With the early-summer heat wave sending many people scurrying to local beaches, Nature Boy is using his seaside sojourns to ponder the science of sandcastles.
Yes, such a thing exists, and it’s serious stuff. Nature Boy, physicists, geoscientists and other pointy-headed people devote considerable grey matter to the contemplation of single and billions of grains of sand artfully sculpted.
I mean, really, who wouldn’t?
I particularly like the account of the British geoscientist paid by a travel company to determine the secret to building majestic sandcastles that last. Naturally, the crucially important study required that the sand of the U.K.’s most popular beaches be sampled and compared for sandcastle-building qualities. Equally important was a comparison of each beach’s esthetic qualities.
The verdict may come as a relief. Esthetics are a matter of personal preference, and any sand will do, although some is better than others.
Dig beneath the puff, however, and you find complex science. What enables wet sand to clump together and to be shaped into castles encompasses some of the most basic physical phenomena that allow our world to work the way it does.
At play are two small but mighty forces of nature. The adhesive force is the clinginess between two different kinds of particles — between water and the surface of a grain of sand, for example. The cohesive force is the clinginess between particles of a similar type — between water molecules, for example.

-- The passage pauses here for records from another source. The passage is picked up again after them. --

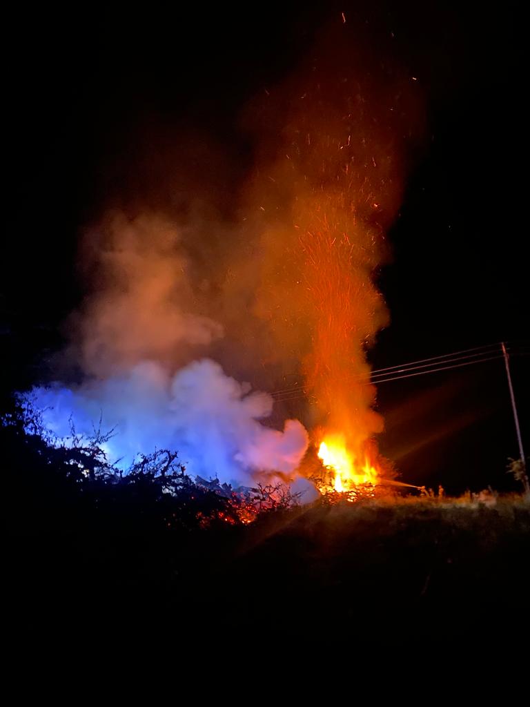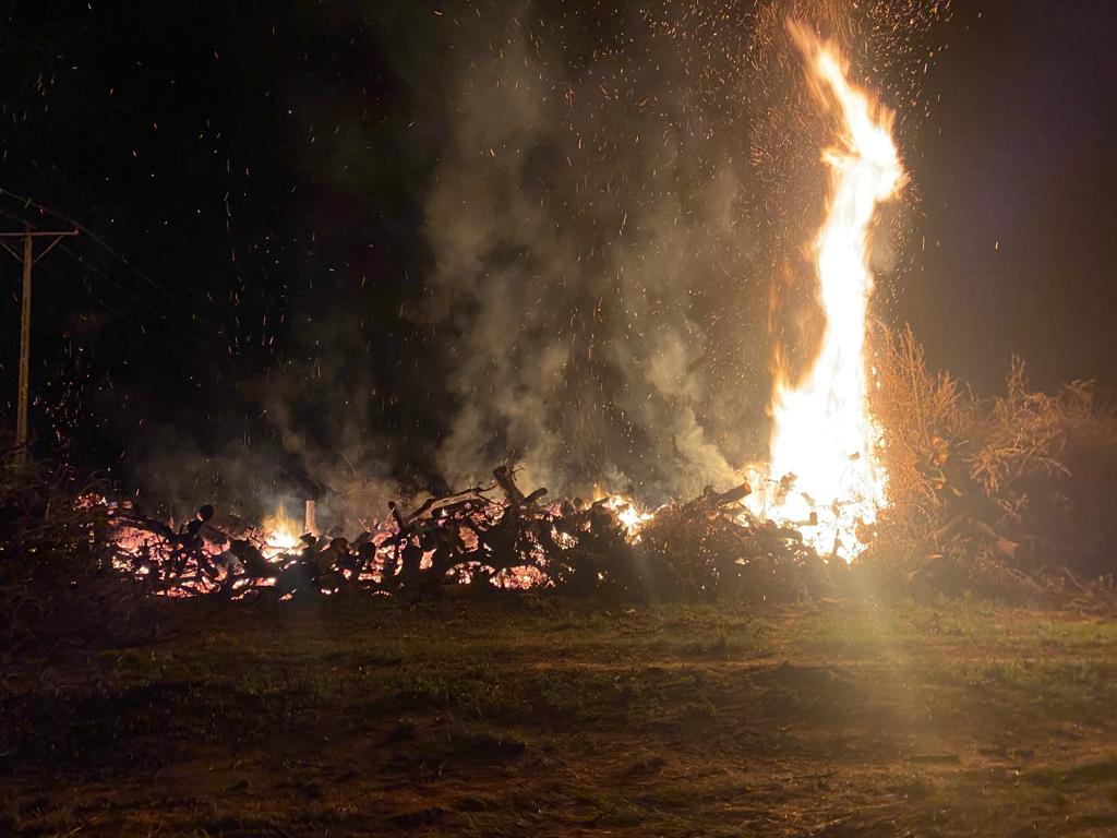 Po dojeździe straży pożarnej na miejsce zdarzenia ustalono, że ogniem objęta jest część sterty całych drzew owocowych wyciętych i złożonych na polu uprawnym.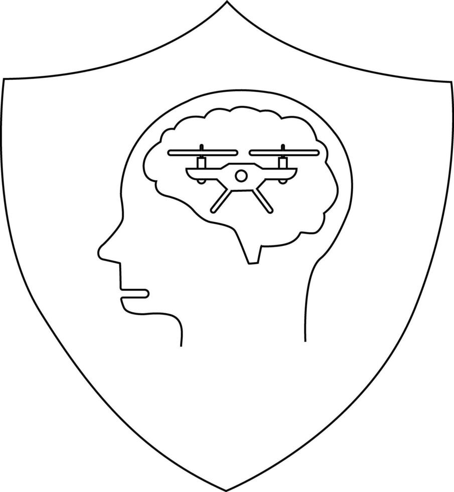 A braindrone is inside a head in front of a shield Pro Vector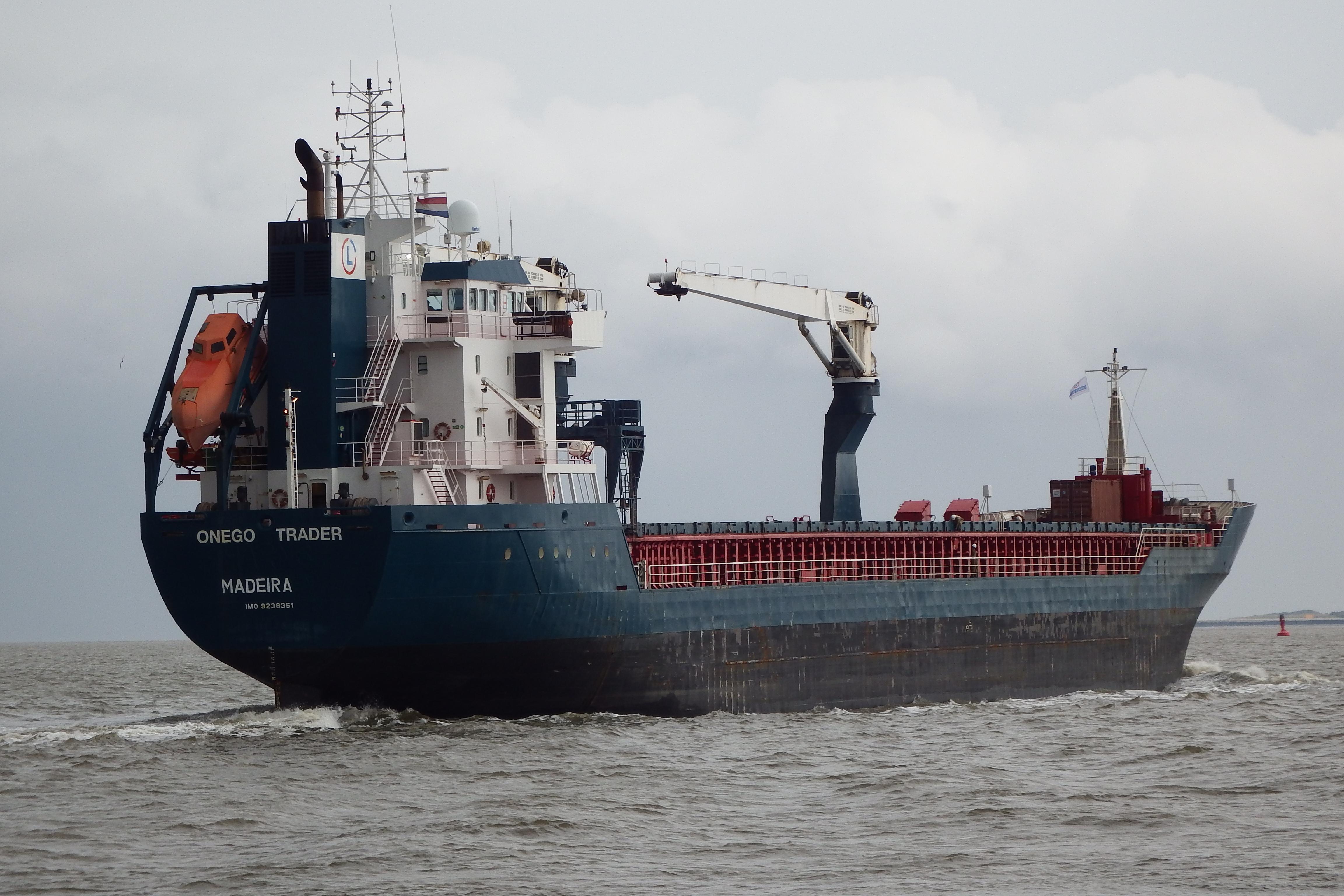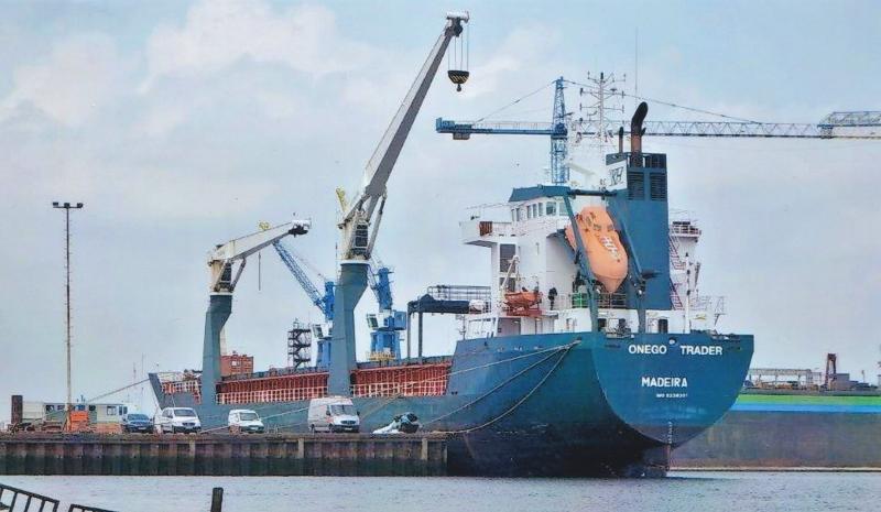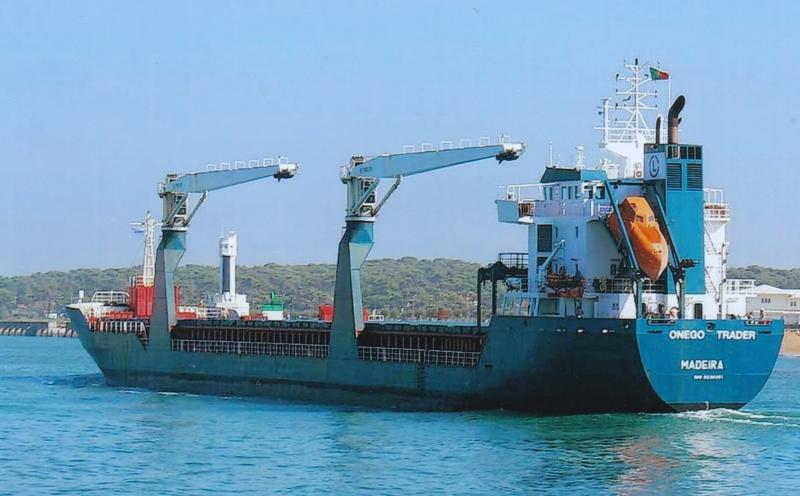 ONEGO TRADER verlaat Delfzijl onder de Portugeese vlag ( Madeira) op 09-08-2018. |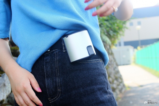 基本の装着方法はベルト。風を上に向けて出してシャツの中に風を送り込むのが基本だが、ズボンの内側に装着して風を下に向けるように装着するとズボンの蒸れが解消されるという。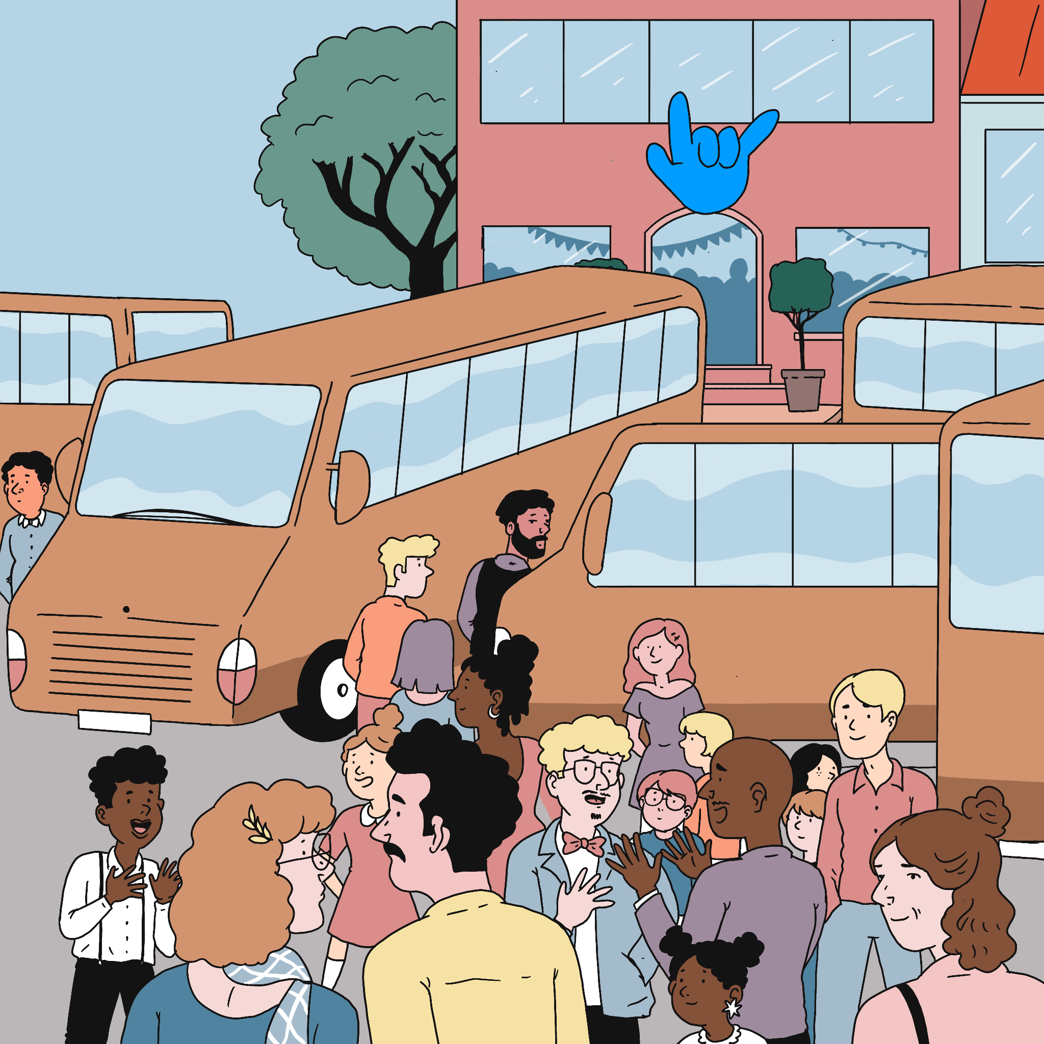 Man kann ausdrücken, dass verschiedene Busse in einer Reihe stehen. Dafür führen beide Hände die Proform aus. Eine Hand bewegt zum Beispiel zur Seite.

These different kinds of clinginess contribute to two other phenomena at work in sandcastles. Because molecules in a liquid cling to each other (cohesion), this causes the molecules on the liquid’s surface to contract and resist being stretched or broken.
Voilà! We have surface tension.
When the clinginess between a liquid and a surface out-muscles the clinginess between the liquid’s own molecules, capillary action results. Capillary action allows liquid to be drawn into and flow through tiny spaces — such as into the nib of a pen, up between the fibres in a candle’s wick, or between tightly packed grains of sand.
Capillary action is essential to life on Earth. It overcomes gravity to bring water and nutrients from roots deep underground up hundreds of feet to the leaves in a tree’s canopy.
It draws blood through our vascular system’s tiniest channels — ahem, our capillaries — and enables the transfer of nutrients and blood plasma in and out of our cells. It allows nutrients to pass through our intestinal walls and makes possible the exchange of oxygen and carbon dioxide in our lungs.
In terms of the sandcastle you’re building on Willows Beach, when water is added to dry sand, capillary action draws the water into the tiny spaces between the sand grains. Once there, the water molecules form tiny flexible water-drop bridges (cohesion!) between neighbouring sand grains. These bridges are held together by our old friend, surface tension.
As more water is added, the small bridges between grains grow into bigger bridges. As the bridges grow, more of each grain’s surface comes into contact with more water, which increases the water’s binding effect.
As yet more water is added, the bridges between sand grains combine and act to bind several grains together into ever-larger structures. Now we’re starting to get the sand clumps that are so necessary to successful sandcastle construction.
When every grain of sand is coated with water and the sand-to-water ratio is just right — not too low, not too high — the water-molecule bridges are the perfect strength for piling and sculpting sand into sandcastles. The optimal sand-water ratio has long been believed to be about eight parts of sand to one part of water, but some physicists determined that just one per cent water is best for building stable, five-metre-tall sandcastles.
And then, as anyone who has watched an advancing tide swamp a sand fortress knows, too much water overwhelms the whole system, causing the clump to disintegrate into sand soup.
The applications of sandcastle science extend well beyond the beach. They can apply to any granular substance — grain in silos, sawdust piles in mills, soil in pits or even plastic balls in McDonald’s play rooms, for example. They also apply to how the ground behaves during earthquakes and in the lead up to landslides.
All that aside, Nature Boy is now wondering how he might obtain funding to study the sand qualities at Vancouver Island’s best beaches.